The dataset used in this study, however, is imbalanced. In general, a well-balanced data set with an equal class distribution yields better prediction accuracy. It is worth noting that a well-balanced dataset makes learning easier for the classification system. The dataset used in this study is available publicly; thus, the class imbalance is obvious. Hence, the dataset used in this study is extensively augmented to deal with the class imbalance problems. Moreover, due to the imbalanced dataset, the proposed framework is also assessed using recall, precision, and f1-score. The results prove that the proposed framework can be deployed in a clinical setup for real-time diagnosis of brain tumors.
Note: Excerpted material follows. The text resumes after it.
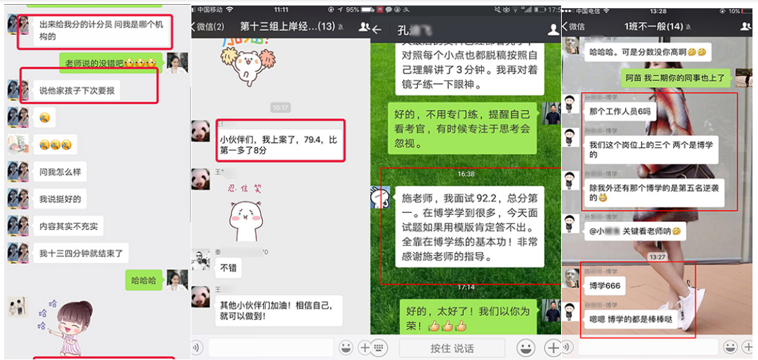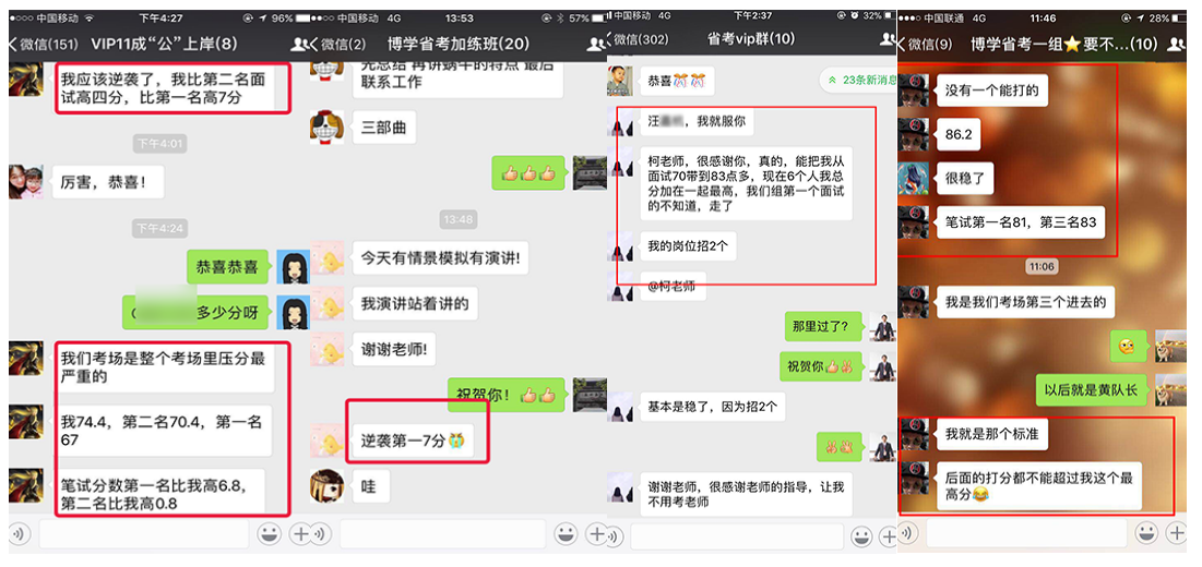 在2010年—2018年國考中,很多人僅僅是因為看了網(wǎng)上博學教育公務(wù)員班的幾段視頻,就毫不猶豫地選擇博學教育,最終成功地實現(xiàn)了他們的公務(wù)員之夢。2010年安徽省考高陽同學面試取得88.4的高分,一舉從筆試第23名躍居為綜合排名第一名,成為巢湖市面試狀元;胡卓然同學以86分的成績勇奪南京市第一名,被南京市國土資源局錄取。廣東的鄭滋潤同學,數(shù)次公考面試失敗,2011年慕名來到博學施老師門下,經(jīng)過七天學習,脫胎換骨,以91分的成績遙遙領(lǐng)先對手被財政部駐深圳市專員辦錄??!2011年安徽省考季毓同學面試取得88的高分,成為馬鞍市面試狀元;2012年上海的潘安安同學,以88.3的高分被上海海關(guān)隸屬海關(guān)通關(guān)業(yè)務(wù)部門錄取。2013年福建的王子熙同學,以89.4的高分被廈門海關(guān)廈門地區(qū)隸屬海關(guān)或辦事處錄取。2013年安徽省考牛園園同學取得面試86.8分,成為亳州市面試狀元!2014年安徽的曹珍同學,以86.8的成績勇奪安徽省直面試狀元,被安徽省女子監(jiān)獄錄取。2015年國考安徽的曹燦同學,以92.25分的成績被中國銀行業(yè)監(jiān)督管理委員會安徽監(jiān)管局錄??!2015年安徽省考陳雯同學以面試87.2的高分勇奪蕪湖市面試狀元;趙錦同學以面試86.4的高分取得天長市面試狀元;查菁文同學以面試86的高分取得定遠縣面試狀元。2016年國考面試,張雨豪以91分的成績被甘肅省國家稅務(wù)局錄取。2016年安徽省考陳蓉同學以面試86.8分取得馬鞍山市非鄉(xiāng)鎮(zhèn)公務(wù)員面試狀元;2017年國考,劉大偉勇奪山東省面試狀元,以98.67分被商務(wù)部錄取;阮帆同學面試取得91.33分,上海市國稅錄取;鄭想同學面試取得90.3分,上海國稅錄;2017年安徽省考顧博賢同學以面試88分取得利辛縣非鄉(xiāng)鎮(zhèn)公務(wù)員面試狀元。2018年國考徐起以87.33分被中央國家機關(guān)工委錄取,夏鈺以88.33分被中國浦東干部學院錄取。2018年安徽省考,周陽以83.8分取得銅陵市鄉(xiāng)鎮(zhèn)層級面試狀元;魏宇以82.8分取得亳州市鄉(xiāng)鎮(zhèn)層級面試狀元!

6. Conclusion and Future Work

This paper presents a novel deep feature fusion-based framework to classify brain tumors from MR images. The proposed framework extracts a wide range of low-level and high-level features from AlexNet, GoogLeNet, and ResNet18 architectures with varying depth and design. These features are then merged using a serial fusion approach to generate a single vector. The novel feature vector contains robust combination features classified using SVM and KNN. The proposed method is trained and evaluated on 15,320MR images and obtained accuracy of 99.7%, recall value of 1.0, a precision score of 0.99, and 0.99 f1-score. The novel feature vector outperformed the independent CNN feature vectors. Moreover, the feature fusion strategy aids in overcoming the drawbacks of a single CNN model, thus resulting in higher performance, particularly for larger datasets. The obtained results prove the efficacy and robustness of the proposed method in brain tumor classification. Hence, the proposed framework can assist radiologists in detecting and classifying brain tumors accurately. In the future, we will explore other CNNs such as VGG, DenseNet, and machine learning classifiers such as Random Forests and Ensemble learning. Moreover, additional MRI datasets will be gathered with other tumor categories and different imaging modalities for classification.

Data Availability

The data used to support the findings of this study are available from the corresponding author upon request.

Conflicts of Interest

All the authors declare no conflicts of interest.

Acknowledgments

This study was supported by Taif University Researchers Supporting Project number (TURSP-2020/215), Taif University, Taif, Saudi Arabia.